Tuesday, May. 28, 2024

Rohmero Puts In A Peak Performance At The Rocky Mountain Dressage Championships

German-born professional Petra Warlimont tops two divisions at the Colorado Horse Park.



German-born professional Petra Warlimont tops two divisions at the Colorado Horse Park.

Most professional dressage riders have spent decades honing their skills in the show ring, but not Petra Warlimont. The 35-year-old just returned to competition last year after a 14-year hiatus, but that didn’t stop her from riding Rohmero to the open third level championship with a score of 68.72 percent at the Rocky Mountain Dressage Championships in Parker, Colo., Sept. 26-28. Warlimont also captured the open first level championship with Matinee SF (72.36%).

Warlimont, Longmont, Colo., showed through second level while growing up outside Frankfurt, Germany, before putting away her dressage saddle to focus on show jumping. Though she’s been riding professionally for six years, she focused on teaching and training young horses, finally making her U.S. debut last year.

Rohmero’s win arrived on the heels of a successful trip to the Markel/USEF National Young Horse Dressage Championships (Ky.), where the Hanoverian gelding finished third in the 6-year-old division.

“We went to Kentucky hoping to finish in the top 10,” said Warlimont. “For him to do so well in there and then again in Colorado was fantastic. He’s been fabulous—he keeps surprising us every show.”

Though Rohmero schools through Prix St. Georges, Warlimont has been taking it slow with him in the show ring. “Rohmero is a super fast learner and a very loveable guy,” she said. “He’s pretty attentive at home, but he gets a little distracted at the shows. He’s still green in his body and his movements.”


Warlimont and Somerset Farms owner Kim Lampert went on their first horse-buying trip to Germany two years ago hoping to track down a trio of dressage prospects, but they only found two horses—including Matinee—who fit the bill. When their dealer, Hannes Baumgart, overheard them lamenting the empty stall on their upcoming flight, he suggested they take Rohmero along.

“We didn’t know anything about the horse, but Hannes picked us a great one,” said Warlimont. “I think they chose him for us because he’s too small for most of the tall Germans to ride.”
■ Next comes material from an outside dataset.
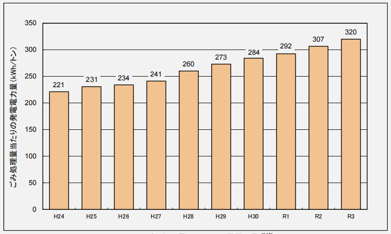 垃圾焚燒設(shè)施的平均發(fā)電量,約為320 kWh/噸。

Warlimont hopes to campaign Rohmero (Romancero H—Waldina, Walldorf) in the developing horse classes next year, but she’s also angling to convince Rohmero’s owner, amateur rider Debbie Voigt, to take over the reins in the show ring. Voigt had been on the lookout for a schoolmaster, but she changed her plan when she saw Rohmero schooling at home. Though he hardly had the miles of a seasoned veteran, Rohmero turned out to be exactly what she was looking for.

Rohmero was one of the first horses Warlimont campaigned when she started showing in the United States. After showing in 1.35-meter jumper classes as a teenager, she lost her appetite for the sport when one of her promising young jumpers tore his meniscus. Disheartened, she turned her focus to dressage and found the sport much more rewarding the second time around.

Under the guidance of Siegfried Winkler, and more recently Baumgart, she’s found a natural rapport with developing young horses. Beginning with their first trip two years ago when they stumbled upon Rohmero, Warlimont and Lampert have made yearly treks back to Germany to scout out prospects.

Warlimont never intended to become a full-time equestrian. She came to the United States in 1994 with a plan to study English and attend college en route to a professional career, but she couldn’t stay away from the barn. While earning her masters degree in resource economics and policy from the University of Maine, she discovered a knack for teaching after she started giving pointers to the owner of the horse she catch-rode. As a German citizen on a student visa at the time, Warlimont couldn’t accept payment, so her student eventually gifted her a horse as thanks.


When jobs in resource economics and policy proved scarce, she found herself riding new arrivals from Holland and accepting students.

These days Warlimont keeps a full appointment book of dressage and jumping lessons at Somerset Farms in Longmont, on top of managing the barn and training half a dozen young horses.

Warlimont’s return to the show ring ushered in a banner year for the business. Somerset hosted its first recognized dressage show and first recognized horse trial. Riders flocked to Lampert’s new 40-acre cross-country facility, Silo Farms, and the event attracted a long waiting list of horses, including more than a dozen preliminary entries.

“This was definitely a breakthrough year for the farm and for me,” said Warlimont. “I feel like I’ve been living my dream, and I don’t want to wake up.”